▸ Task statement:
What you return should be only the lines in the entries below between the one holding "4.進入預(yù)留郵箱查看" and the one holding "FOR THE BLUE」の、のぼり旗を海岸に立てて、さらに逗子ビーチクラブの軽トラックにバナーを掲出しました。", ends included, with every picture left out.

*** Data to process ***

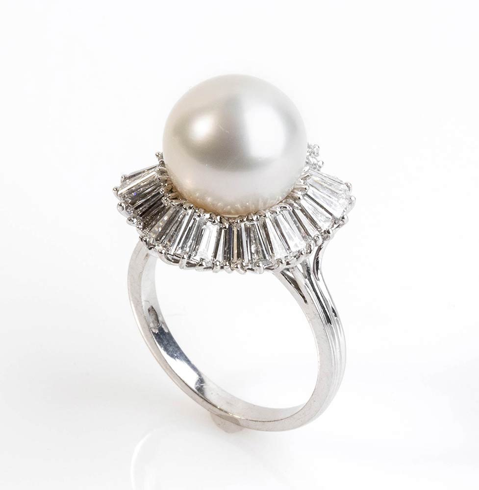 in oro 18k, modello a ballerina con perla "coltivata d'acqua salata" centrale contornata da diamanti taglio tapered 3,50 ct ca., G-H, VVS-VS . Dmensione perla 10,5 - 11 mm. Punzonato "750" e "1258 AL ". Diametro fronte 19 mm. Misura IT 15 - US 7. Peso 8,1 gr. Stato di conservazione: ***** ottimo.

*** End of Data to process ***
*** Data to process ***

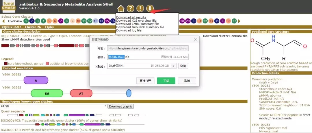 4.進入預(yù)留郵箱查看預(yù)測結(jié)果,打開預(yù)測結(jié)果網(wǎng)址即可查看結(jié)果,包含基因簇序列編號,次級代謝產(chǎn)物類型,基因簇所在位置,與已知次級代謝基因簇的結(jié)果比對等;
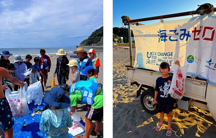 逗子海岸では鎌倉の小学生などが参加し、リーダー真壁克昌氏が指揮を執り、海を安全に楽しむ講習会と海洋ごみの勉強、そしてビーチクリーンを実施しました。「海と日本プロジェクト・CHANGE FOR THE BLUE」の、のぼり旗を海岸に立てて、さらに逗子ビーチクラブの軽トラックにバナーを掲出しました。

*** End of Data to process ***

▸ Answer for this exercise:
 4.進入預(yù)留郵箱查看預(yù)測結(jié)果,打開預(yù)測結(jié)果網(wǎng)址即可查看結(jié)果,包含基因簇序列編號,次級代謝產(chǎn)物類型,基因簇所在位置,與已知次級代謝基因簇的結(jié)果比對等;
 逗子海岸では鎌倉の小学生などが参加し、リーダー真壁克昌氏が指揮を執り、海を安全に楽しむ講習会と海洋ごみの勉強、そしてビーチクリーンを実施しました。「海と日本プロジェクト・CHANGE FOR THE BLUE」の、のぼり旗を海岸に立てて、さらに逗子ビーチクラブの軽トラックにバナーを掲出しました。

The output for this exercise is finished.